Summer of Code 2008

From XiphWiki
Jump to navigation Jump to search

This is our ideas page for Google Summer of Code projects with and Annodex. The two projects participate jointly this year under Xiph's name.

Students please use the template at Summer of Code Applications when applying for a GSoC position.

Mentors please visit Summer of Code Mentoring and help us prepare our application as a mentoring organization.

Current Ideas

We need a primary and backup mentor volunteer for any project that is to become an official proposal, but submit something and we'll see who we can round up. :)

Project ideas go here

  • Transcode/Tag/Upload tool for Theora et al. (ideally as a firefox extension so web cms integration is easy) OggPusher details below:
  • Theora encoding support in GIMP
  • Cross-platform qt4 wrapper around Xiph encoders.

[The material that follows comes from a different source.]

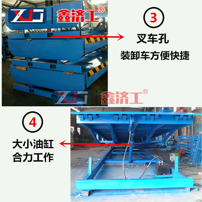 倉(cāng)庫(kù)固定裝卸平臺(tái)即為固定剪叉式升降機(jī),由升降臺(tái)面及設(shè)備框架,配套油缸,液壓泵站,傳動(dòng)支桿,配電設(shè)備組成,通過(guò)液壓泵站做工使液壓油在液壓缸內(nèi)形成閉路高壓,油缸工作帶動(dòng)導(dǎo)向架完成整個(gè)升降過(guò)程。特點(diǎn):升降穩(wěn)定性好,適用于高度差間輸送貨物,生產(chǎn)流水線,貨物裝卸,地下室至地面及樓層間的貨物輸送。

A do-it-all encoder in one simple GUI, possibly drag&drop a la OggDropXPd. This would make it tremendously easy for end-users to encode Theora et al
  • Theora Java port directly (semi)automatically derived from the reference sources
  • Optimisations for Oggenc and Co. as done by Lancer ( which gives around 3x more speed. If one fears quality lose, make it ./configure option. Lancers diffs only work for Windows.
The last statement shows why this is a bad idea.
  • Speex support in IceS
  • Better stream source gui for dvswitch
  • XSPF support in ogg123 and oggenc (playlist creation)
  • Initial support for OggPCM in some of our tools
  • OggMNG tools
Is this really necessary? I mean, OggMNG seems to have gone nowhere and serve no niche.--Ivo
We still keep getting asked for a format where speex and images together make up a movie.--Silvia
  • ROE implementation for network: using ROE in a client-server negotiation to dynamically request a specific multi-track ogg file using skeleton (Silvia)
  • create Ogg caption support for vlc using CMML
  • ffmpeg improvements for Xiph codecs:
    • add Speex support
    • add Ogg Skeleton support
    • fix seeking bugs involving Ogg Theora
    • fix bugs in Ogg Theora decoder
    • improve ogg muxer
  • Ogg Cutter, a GUI to cut out segments from Ogg Videos, this could be based on oggz-chop (part of oggz-tools) or done with Gstreamer (starting with
  • Improve Xiph QuickTime Components:
    • add Ogg Skeleton support (would make XiphQT able to properly play streams served with mod_annodex)
    • add FLAC and Speex encoding support
    • improve user interface of the Ogg exporter
    • add AudioFile components supporting Ogg and FLAC files (to make XiphQT available to applications using only CoreAudio without QuickTime)
  • Portable oggenc2 --Fp 02:26, 14 May 2008 (PDT)
    • oggenc2 is a fork of oggenc available for the Win32 platform. Sources are available under the GPL. Unfortunately it does not compile under POSIX systems. Oggenc2 has a lot of features and bug fixes over oggenc, e.g.:
      • use of libsamplerate for resampling, giving a higher quality;
      • support of 32 bit and floating point WAV format for input;
    • this project should port all the improvements in oggenc2 to oggenc. Note that the two projects are diverged somewhat and so oggenc may have some other features that oggenc2 have not, so a straight port of oggenc2 to POSIX could not be the right approach. The best way is to get the source of all versions of oggenc2, do a diff between them and try to apply in oggenc.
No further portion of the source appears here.